# [Data provided]
--------------------
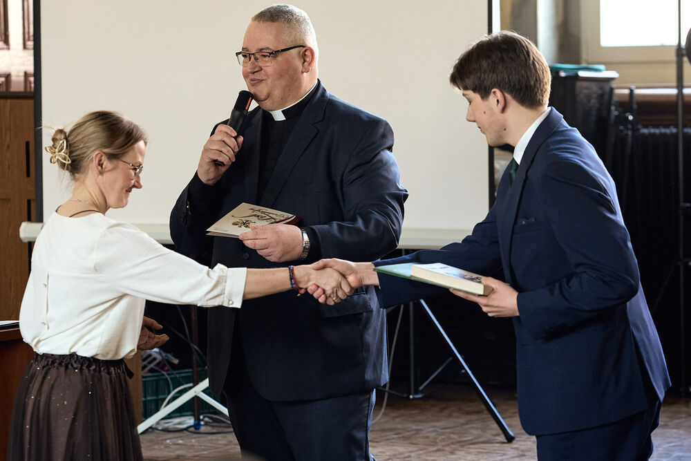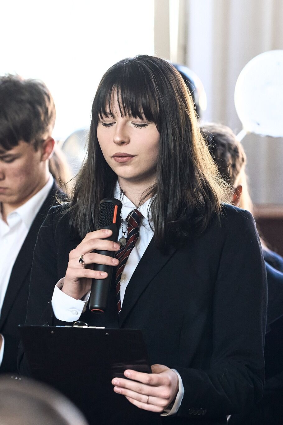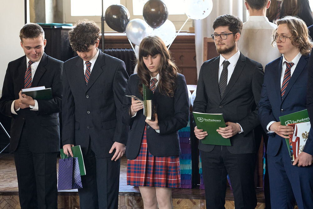 Uroczystość rozpoczęliśmy wspólną Mszą Świętą, dziękując za minione lata nauki i prosząc o pomyślność na nadchodzącym egzaminie dojrzałości. Następnie wszyscy zgromadzeni przenieśli się do auli szkoły, gdzie odbyła się oficjalna część wydarzenia.
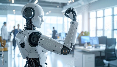 A strong AI robot in modern office. The advanced android shows off it's strength while flexing the arm. Many employee are in background
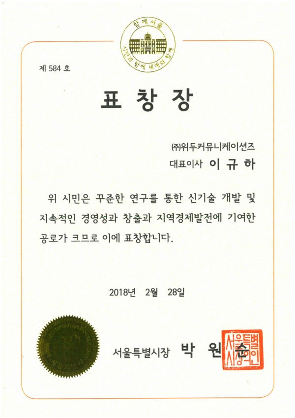 서울특별시장 표창장 페이지 정보 작성자 WeDu 댓글 0건 조회 5,249회 작성일 19-05-30 19:35 본문 2018-02-28 표창장 제 584호 신기술 개발 및 지속적인 경영성 창출, 지역 경제 발전 기여 서울특별시장 박원순 List Previous2018 소년한국 우수 어린이 도서 19.05.30 Next서울클러스터 어워드 우수상 19.05.30
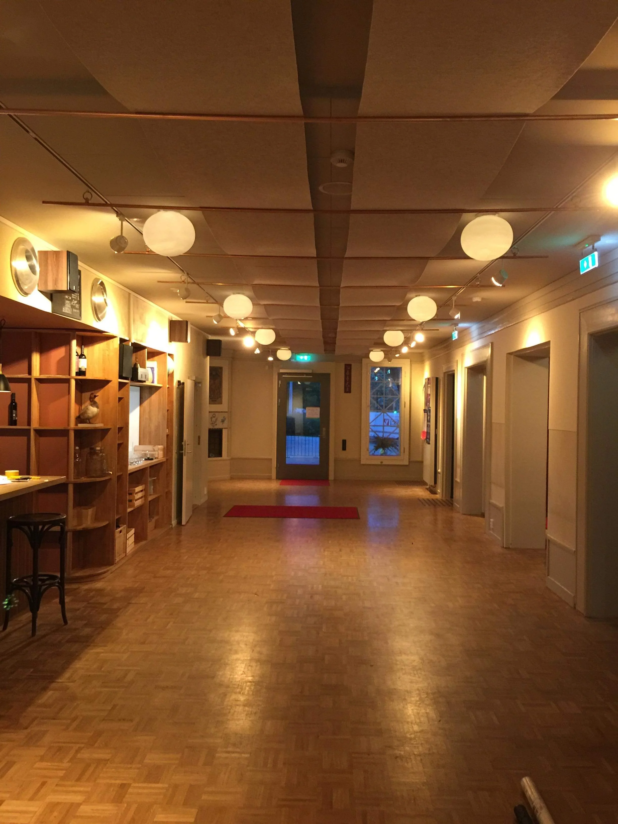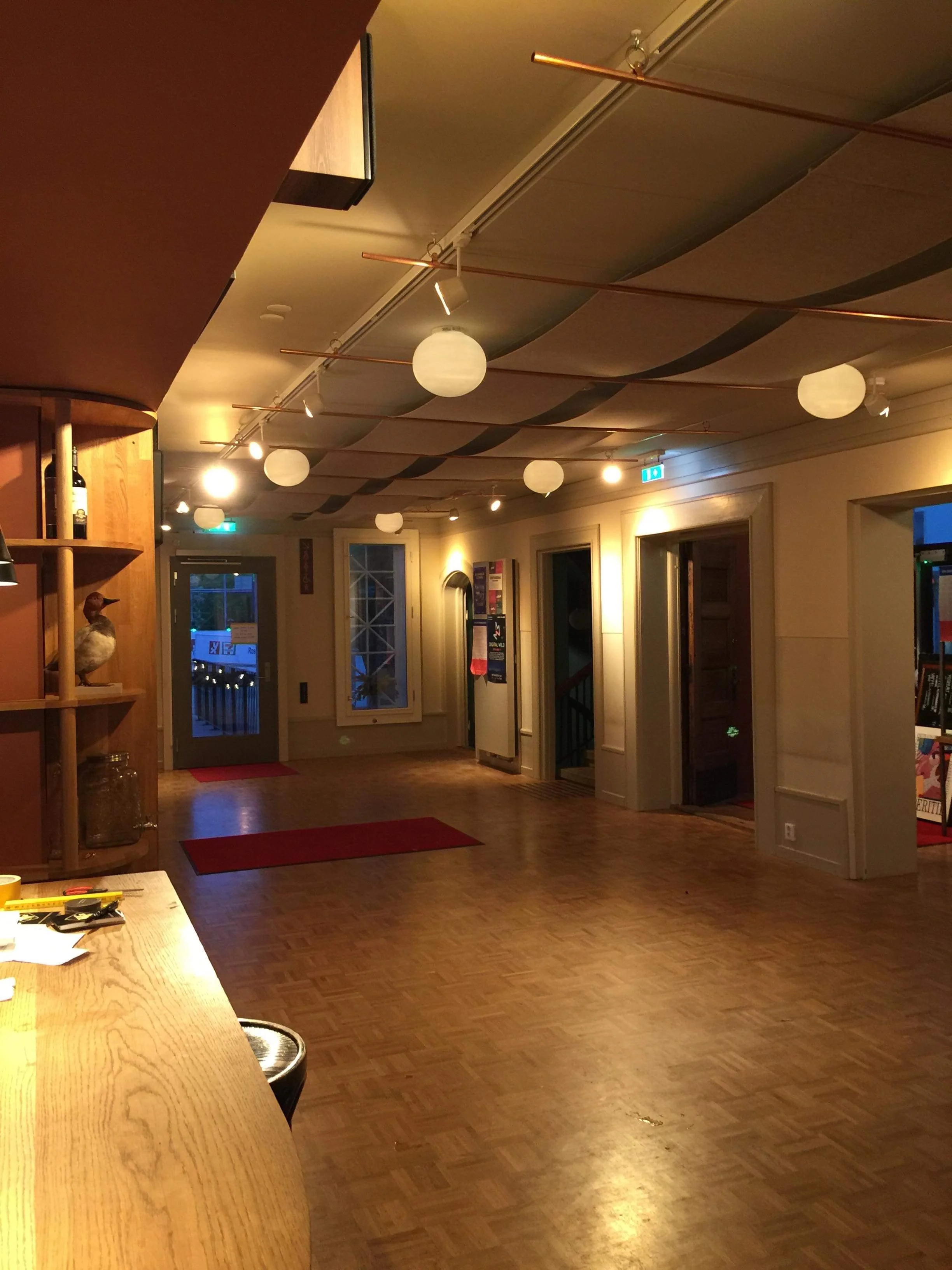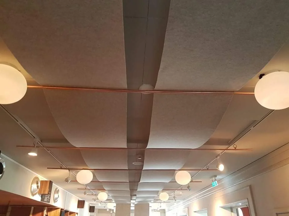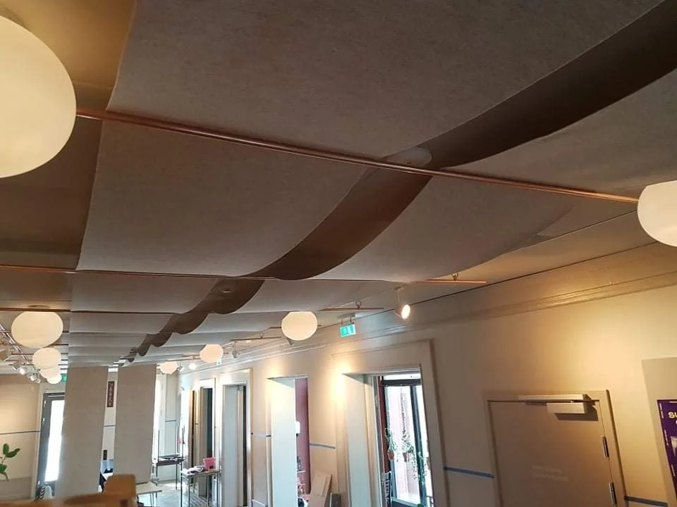 Lyddemping og utsmykning av café for forbedring av lydbilde.Trappehus/oppgang, filt tapetsering av vegger på café samt kunstinstallasjon i tak/himling. Ble kontaktet ang akustikk problematikk i bygget, dette gjaldt da særlig Cafe Avant Garden. Oppdraget ble delvis sponset og jeg hadde tilgang til håndverkere og fagfolk under prosessen.
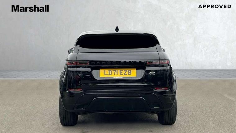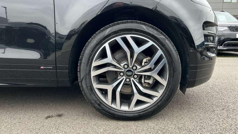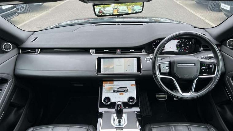 10" deployable touchscreen with lower touchscreen, Adaptive cruise control, Android Auto, Apple car play, Blind spot assist, Bluetooth connectivity, Brake pad wear indicator warning light, Clear exit monitor, Driver condition monitor, Electronic power assisted steering (EPAS), Front and rear parking aid, InControl remote, Interactive Driver display instrument cluster, Land Rover InControl apps, Lane keep assist, Pivi pro connected includes upgraded infotainment, connected navigation pro, Nuance speech licence, Push button starter, Rear collision monitor, Rear traffic monitor, Traffic sign recognition with adaptive speed limiter, Voice control system, 7 kW onboard charger, All terrain progress control, Configurable dynamics, Electric rear axle drive, Large fuel tank, Passive suspension, Public charging cable, Terrain Response 2 Auto, Digital Audio Broadcast radio-DAB, Steering wheel mounted controls, Automatic headlight levelling, Electric windows with one touch open/close and anti trap, Evoque and R-Dynamic badge, Flush deployable exterior door handles, Heated rear window with timer, Heated washer jets, Heated windscreen, Matrix LED headlights with signature DRL, intelligent high beam assist, signature Hi-Line tail lights and animated directional indicators, P300e badge, Power fold, auto-dimming, heated door mirrors with approach lights and auto dimming driver side, Rain sensing windscreen wipers, Rear fog lights, Tailgate spoiler, 40:20:40 split folding rear seats with centre headrest and armrest, Ambient interior lighting, Bright metal pedals, Heated steering wheel, Isofix system on outer rear seats, Overhead lighting console, Overhead stowage for sunglasses, Passive front head restraints, Perforated full leather steering wheel, Rear air vents, Rear centre headrest, Satin chrome gearshift paddles, Sunvisors with illuminated vanity mirrors, Twin sliding front centre armrest, 3 rear 3 point seatbelts, Anti-lock braking system (ABS), Customer configurable autolock, DSC - Dynamic Stability Control, Electronic brake force distribution, Electronic parking brake, Electronic traction control, Emergency braking, Front and rear seatbelt reminder, Hill descent control, Hill launch assist, Low traction launch, Power operated child locks, Roll stability control, Six airbags - Driver and passenger airbags/driver knee airbag/front side airbag and curtain airbags, Torque vectoring brake, Tyre pressure monitoring system, Alarm, Immobiliser, Intrusion sensor, Keyless entry, Locking wheel nuts,
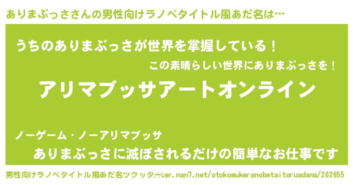 | 女子向けラノベタイトル風あだ名 | 『誰かこのありまぶっさを説明してください! ~契約から始まるウェディング~』 |
--------------------
Of the records above, print only the lines from the one containing "서울특별시장 표창장 페이지" through the one containing "Lyddemping og utsmykning", inclusive and unaltered, leaving out pictures.

# [Exercise output]
 서울특별시장 표창장 페이지 정보 작성자 WeDu 댓글 0건 조회 5,249회 작성일 19-05-30 19:35 본문 2018-02-28 표창장 제 584호 신기술 개발 및 지속적인 경영성 창출, 지역 경제 발전 기여 서울특별시장 박원순 List Previous2018 소년한국 우수 어린이 도서 19.05.30 Next서울클러스터 어워드 우수상 19.05.30
 Lyddemping og utsmykning av café for forbedring av lydbilde.Trappehus/oppgang, filt tapetsering av vegger på café samt kunstinstallasjon i tak/himling. Ble kontaktet ang akustikk problematikk i bygget, dette gjaldt da særlig Cafe Avant Garden. Oppdraget ble delvis sponset og jeg hadde tilgang til håndverkere og fagfolk under prosessen.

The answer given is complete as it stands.